Record excerpts START

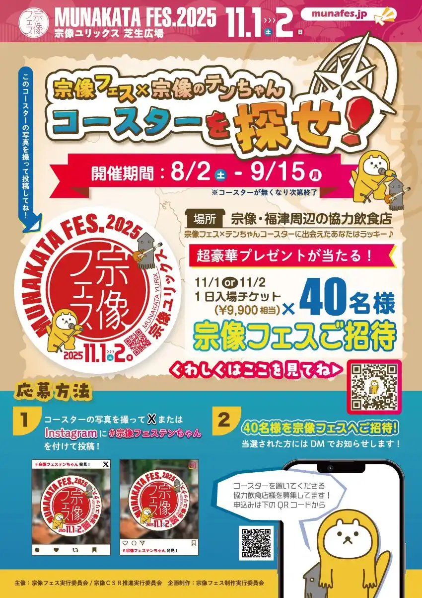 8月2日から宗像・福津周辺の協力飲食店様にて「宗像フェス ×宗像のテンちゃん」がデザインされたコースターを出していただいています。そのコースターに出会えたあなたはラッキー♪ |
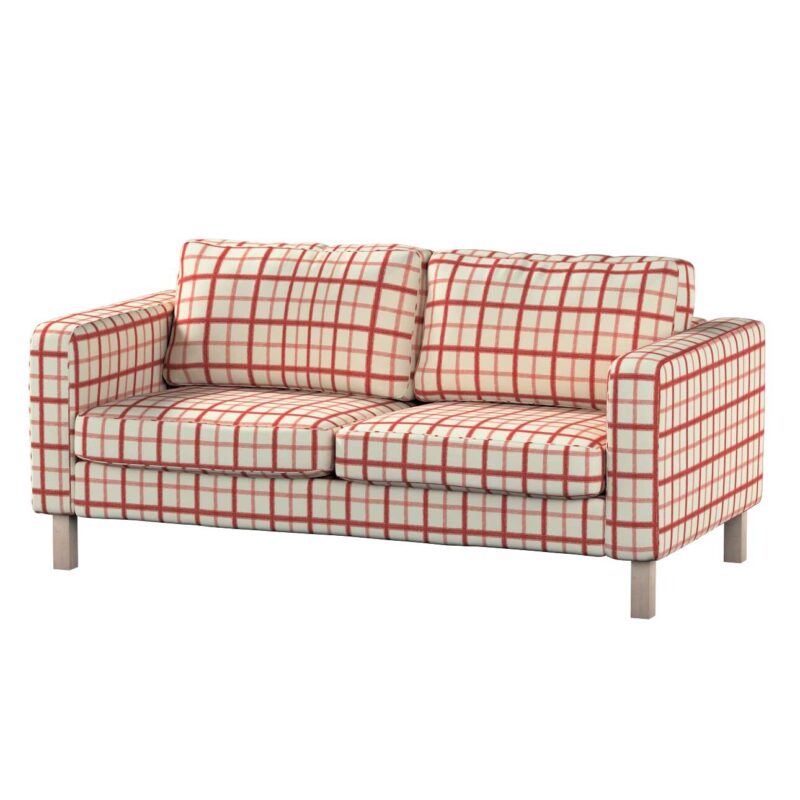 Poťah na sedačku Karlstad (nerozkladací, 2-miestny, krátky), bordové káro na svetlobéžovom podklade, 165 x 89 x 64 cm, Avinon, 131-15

Record excerpts END
Record excerpts START

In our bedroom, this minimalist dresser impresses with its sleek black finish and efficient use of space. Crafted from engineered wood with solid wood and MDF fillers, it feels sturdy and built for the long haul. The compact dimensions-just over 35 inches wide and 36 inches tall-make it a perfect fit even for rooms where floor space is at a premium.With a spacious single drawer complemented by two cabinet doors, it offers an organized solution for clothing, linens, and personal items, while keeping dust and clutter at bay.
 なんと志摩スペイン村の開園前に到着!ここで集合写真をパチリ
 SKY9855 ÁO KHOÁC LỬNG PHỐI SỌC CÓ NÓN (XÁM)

Record excerpts END

Give again, word for word, every line of the listing above from the one with "In our bedroom, this" to the one with "SKY9855 ÁO KHOÁC LỬNG PHỐI SỌC CÓ NÓN (XÁM)", both inclusive, and nothing beyond them.

In our bedroom, this minimalist dresser impresses with its sleek black finish and efficient use of space. Crafted from engineered wood with solid wood and MDF fillers, it feels sturdy and built for the long haul. The compact dimensions-just over 35 inches wide and 36 inches tall-make it a perfect fit even for rooms where floor space is at a premium.With a spacious single drawer complemented by two cabinet doors, it offers an organized solution for clothing, linens, and personal items, while keeping dust and clutter at bay.
 なんと志摩スペイン村の開園前に到着!ここで集合写真をパチリ
 SKY9855 ÁO KHOÁC LỬNG PHỐI SỌC CÓ NÓN (XÁM)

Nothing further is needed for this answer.